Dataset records
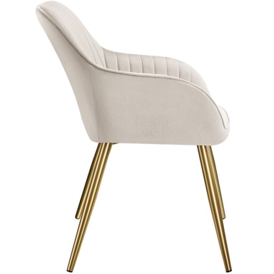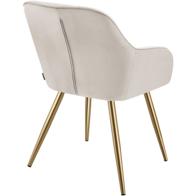 Spisestuestolen Marilyn fra tectake imponerer med sin vellykkede kombinasjon av mykt velourstoff med diskret quiltet mønster og de svært elegante, gylne stålbeina. Med dette blikkfanget blir hvert rom garantert en oase av velvære, der komfort og estetikk går hånd i hånd.
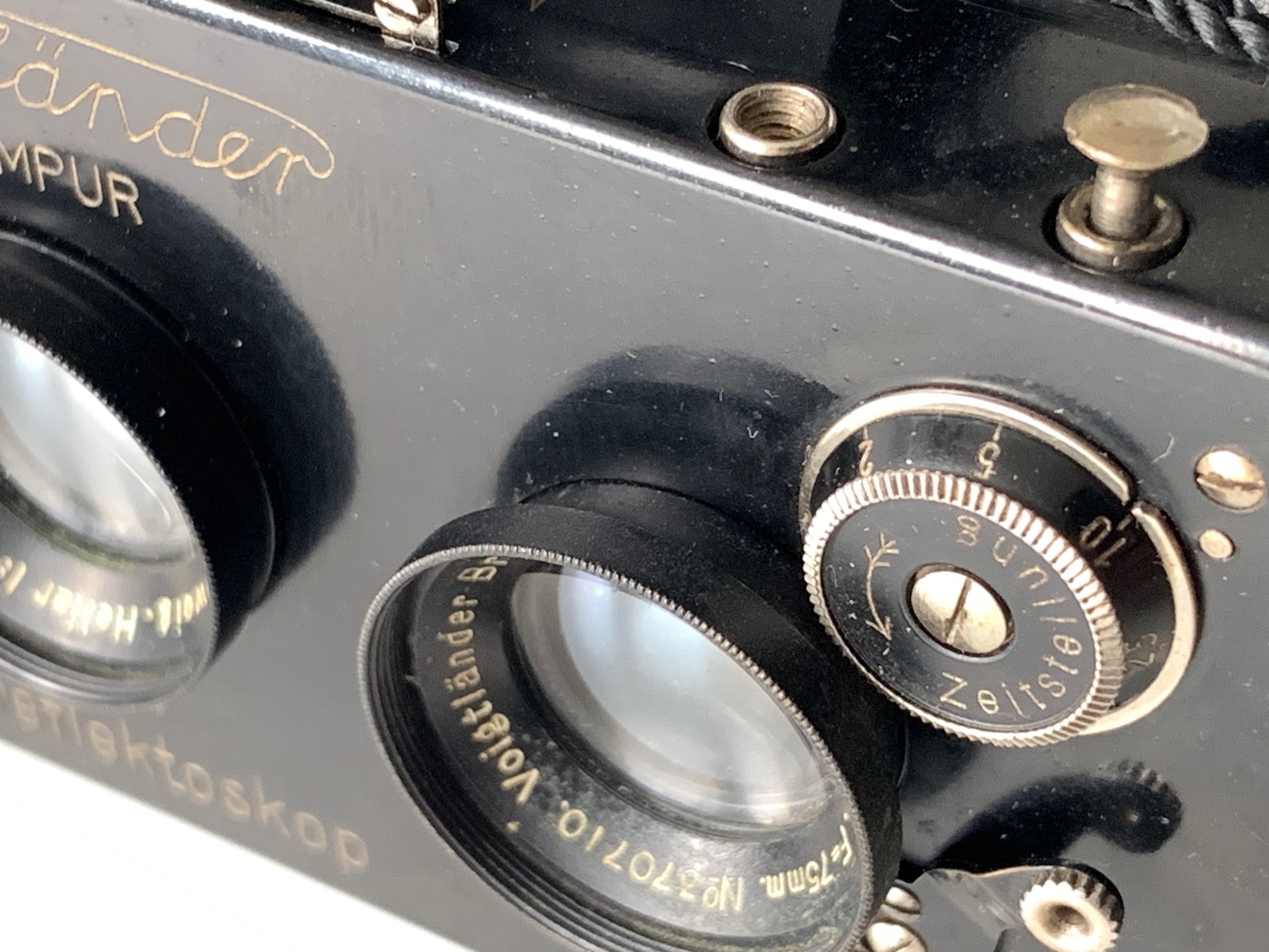 unter der Bezeichnung Stereflektoskop bot Voigtländer seit 1913 Stereokameras mit Spiegelreflexsucher an, also dreiäugige Kameras. Zunächst gab es das Modell nur im kleinen Stereoformat 4,5x10,7, erst 1925 folgte das Format 6x13. Die einzelnen Modelle dieser Reihe lassen sich anhand ihrer konstruktiven und gestalterischen Merkmale unterscheiden, ausführlich dargestellt im Voigtländer-Report von Prochnow. Hier sei das zweite Modell des Stereflektoskop 6x13 vorgestellt, das 1928 auf den Markt kam (Prochnow PR 2924).
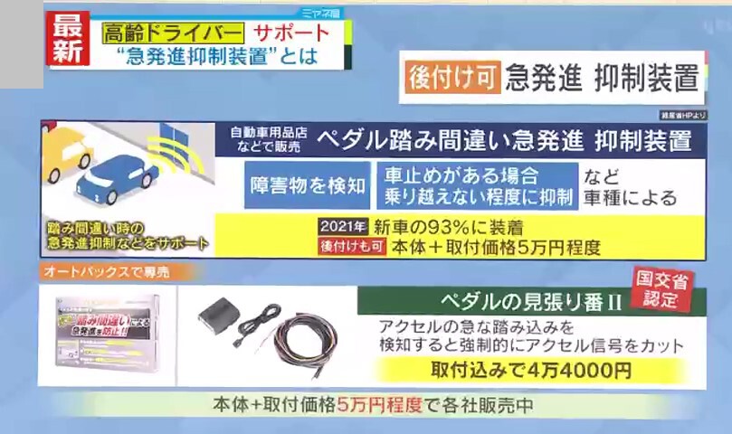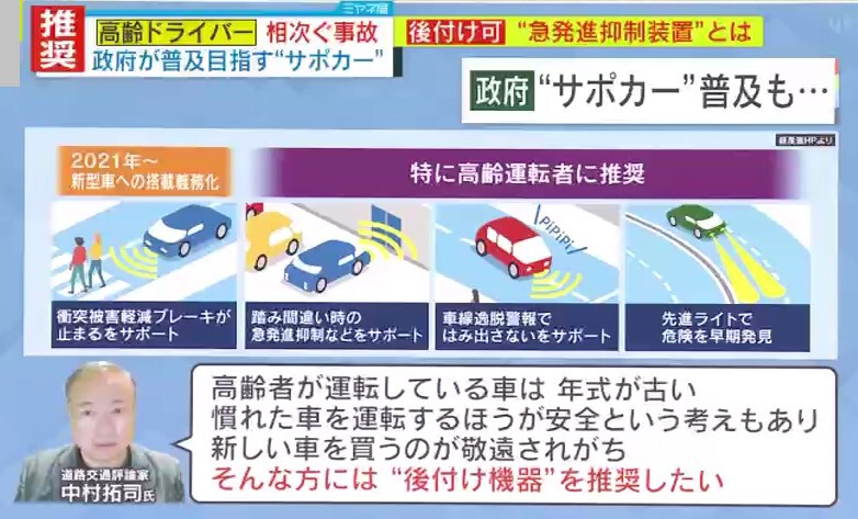 ただ、道路交通評論家・中村拓司氏によると、「高齢者が運転している車は、年式が古い。“慣れた車を運転するほうが安全”という考えもあり、新しい車を買うのが敬遠されがち。そんな方には“後付け機器”を推奨したい」ということです。
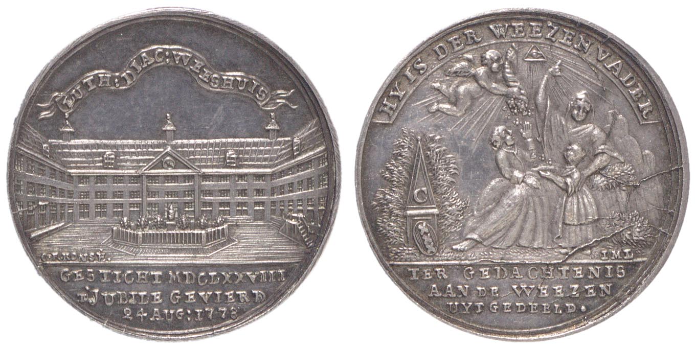 opschrift keerzijde in de afsnede: TER GEDACHTENIS / AAN DE WEEZEN / UYT GEDEELD.
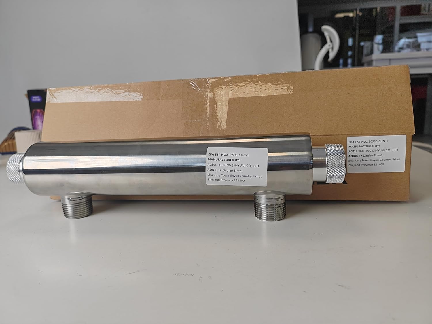 The sterilizer works as expected and seems to be well made.The only issue is that at least part of the item has been used. The cord’s were not factory wrapped and one side of the power supply the cord was not secured. There was salt residue inside the plastic hose fittings. The stainless steel tube did not appear to have been used, as well as the bulb didn’t appear to be used. Not a deal breaker but should not have been listed as a new item. The original box also had new tape over the old.
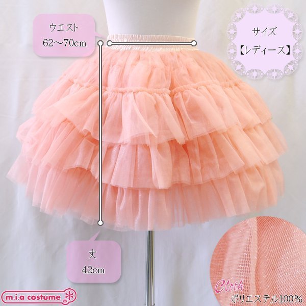 仕様:フリーサイズ:W62〜70cm・着丈42cm セット内容:パニエ単品(3段フリル) 素材:ポリエステル100%
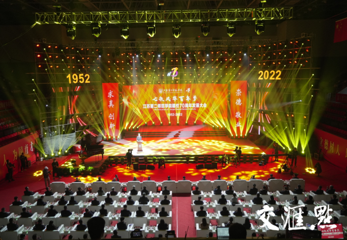交汇点讯 11月19日,江苏第二师范学院在石湫校区体育馆举行建校70周年发展大会。校园里,群贤毕至,少长咸集,数万人通过网络直播收听收看了建校70周年发展大会盛况,共祝江苏二师七十华诞。
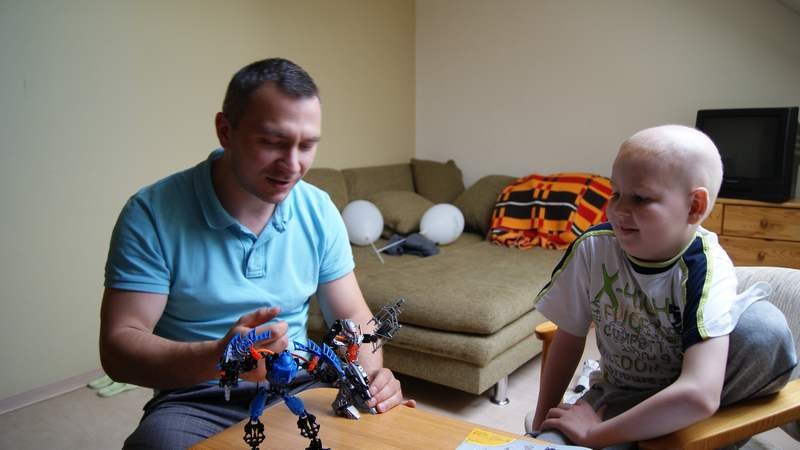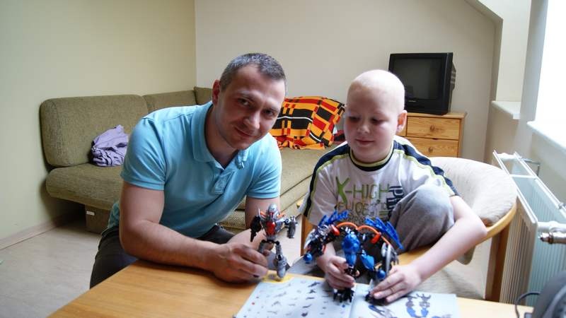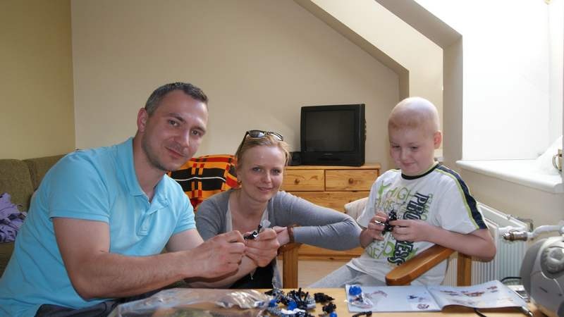 W słoneczne czwartkowe popołudnie wybraliśmy się razem z Anią i Radkiem do Szpitala na Unię Lubelską, aby poznać naszego nowego Marzyciela - 9 - letniego Łukasza. Wyjątkowo mieliśmy mały problem żeby trafić na miejsce, ale na szczęście Marzyciel razem ze swoją Mamą wyszli na naprzeciw :) Przeprowadzając "wywiad" na temat zainteresowań Łukasza, dowiedzieliśmy się że chlopiec ma sporą kolekcję Lego, dlatego jako lodołamacz wybraliśmy klocki. Na nasze szczęście Łukasz jeszcze takich nie mial, dlatego bardzo się ucieszył z upominku. Co zresztą widać na zdjęciach; Radek z Łukaszem mieli niezłą zabawę tworząc roboty z klocków :) Wizyta przebiegała w miłej i sympatycznej atmosferze. Dowiedzieliśmy się, że Łukasz lubi wędrówki po lesie, w czasie których zbiera jagody oraz łowić ryby. Ma także niemała gromadkę psiaków. Marzyciel dokładnie wiedział, w jakim celu przyszliśmy. Poproszony o to, aby nam "coś" narysował- ponieważ to także lubi robić, narysował swoje marzenie! Łukasz marzy o komputerze stacjonarnym, na którym mógłby grać oraz dzieki któremu miałby kontakt ze znajomymi. Byliśmy pod wrażeniem precyzji rysunku Łukasza, na którym znalazła się nie tylko klawiatura, ale również myszka do komputera.Łukaszu, postaramy się abyś niedługo mógł cieszyc się swoim wymarzonym komputerem!
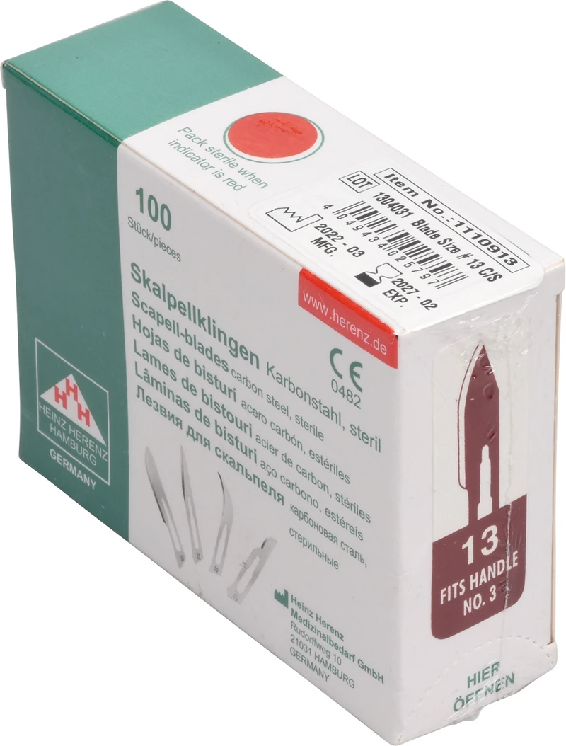 Skalpellklingen Packung 100 Stück Nr. 13, 110-113, Steril
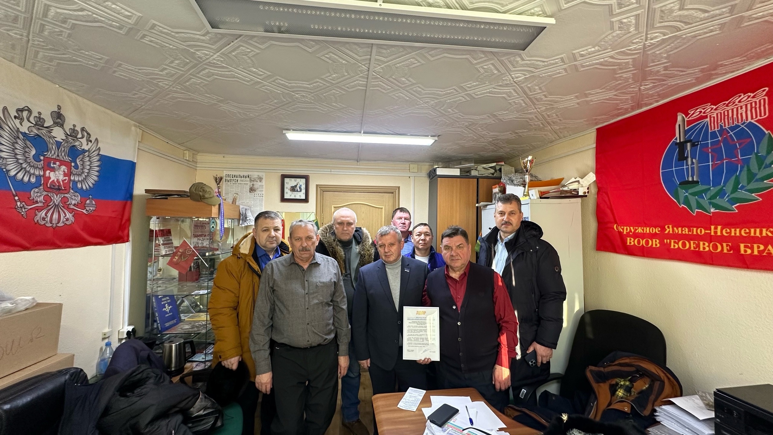 Депутат Законодательного Собрания ЯНАО Александр Голубенко и доверенное лицо Леонида Слуцкого Сергей Вануйто встретились с коллективом Ямало-Ненецкого отделения Всероссийской общественной организации ветеранов «Боевое Братство» и вручили приветственный адрес от Председателя ЛДПР.

▸ **What you should do**:
Without the pictures, return all the records precisely as they stand.

▸ **Your response**:
 Spisestuestolen Marilyn fra tectake imponerer med sin vellykkede kombinasjon av mykt velourstoff med diskret quiltet mønster og de svært elegante, gylne stålbeina. Med dette blikkfanget blir hvert rom garantert en oase av velvære, der komfort og estetikk går hånd i hånd.
 unter der Bezeichnung Stereflektoskop bot Voigtländer seit 1913 Stereokameras mit Spiegelreflexsucher an, also dreiäugige Kameras. Zunächst gab es das Modell nur im kleinen Stereoformat 4,5x10,7, erst 1925 folgte das Format 6x13. Die einzelnen Modelle dieser Reihe lassen sich anhand ihrer konstruktiven und gestalterischen Merkmale unterscheiden, ausführlich dargestellt im Voigtländer-Report von Prochnow. Hier sei das zweite Modell des Stereflektoskop 6x13 vorgestellt, das 1928 auf den Markt kam (Prochnow PR 2924).
 ただ、道路交通評論家・中村拓司氏によると、「高齢者が運転している車は、年式が古い。“慣れた車を運転するほうが安全”という考えもあり、新しい車を買うのが敬遠されがち。そんな方には“後付け機器”を推奨したい」ということです。
 opschrift keerzijde in de afsnede: TER GEDACHTENIS / AAN DE WEEZEN / UYT GEDEELD.
 The sterilizer works as expected and seems to be well made.The only issue is that at least part of the item has been used. The cord’s were not factory wrapped and one side of the power supply the cord was not secured. There was salt residue inside the plastic hose fittings. The stainless steel tube did not appear to have been used, as well as the bulb didn’t appear to be used. Not a deal breaker but should not have been listed as a new item. The original box also had new tape over the old.
 仕様:フリーサイズ:W62〜70cm・着丈42cm セット内容:パニエ単品(3段フリル) 素材:ポリエステル100%
交汇点讯 11月19日,江苏第二师范学院在石湫校区体育馆举行建校70周年发展大会。校园里,群贤毕至,少长咸集,数万人通过网络直播收听收看了建校70周年发展大会盛况,共祝江苏二师七十华诞。
 W słoneczne czwartkowe popołudnie wybraliśmy się razem z Anią i Radkiem do Szpitala na Unię Lubelską, aby poznać naszego nowego Marzyciela - 9 - letniego Łukasza. Wyjątkowo mieliśmy mały problem żeby trafić na miejsce, ale na szczęście Marzyciel razem ze swoją Mamą wyszli na naprzeciw :) Przeprowadzając "wywiad" na temat zainteresowań Łukasza, dowiedzieliśmy się że chlopiec ma sporą kolekcję Lego, dlatego jako lodołamacz wybraliśmy klocki. Na nasze szczęście Łukasz jeszcze takich nie mial, dlatego bardzo się ucieszył z upominku. Co zresztą widać na zdjęciach; Radek z Łukaszem mieli niezłą zabawę tworząc roboty z klocków :) Wizyta przebiegała w miłej i sympatycznej atmosferze. Dowiedzieliśmy się, że Łukasz lubi wędrówki po lesie, w czasie których zbiera jagody oraz łowić ryby. Ma także niemała gromadkę psiaków. Marzyciel dokładnie wiedział, w jakim celu przyszliśmy. Poproszony o to, aby nam "coś" narysował- ponieważ to także lubi robić, narysował swoje marzenie! Łukasz marzy o komputerze stacjonarnym, na którym mógłby grać oraz dzieki któremu miałby kontakt ze znajomymi. Byliśmy pod wrażeniem precyzji rysunku Łukasza, na którym znalazła się nie tylko klawiatura, ale również myszka do komputera.Łukaszu, postaramy się abyś niedługo mógł cieszyc się swoim wymarzonym komputerem!
 Skalpellklingen Packung 100 Stück Nr. 13, 110-113, Steril
 Депутат Законодательного Собрания ЯНАО Александр Голубенко и доверенное лицо Леонида Слуцкого Сергей Вануйто встретились с коллективом Ямало-Ненецкого отделения Всероссийской общественной организации ветеранов «Боевое Братство» и вручили приветственный адрес от Председателя ЛДПР.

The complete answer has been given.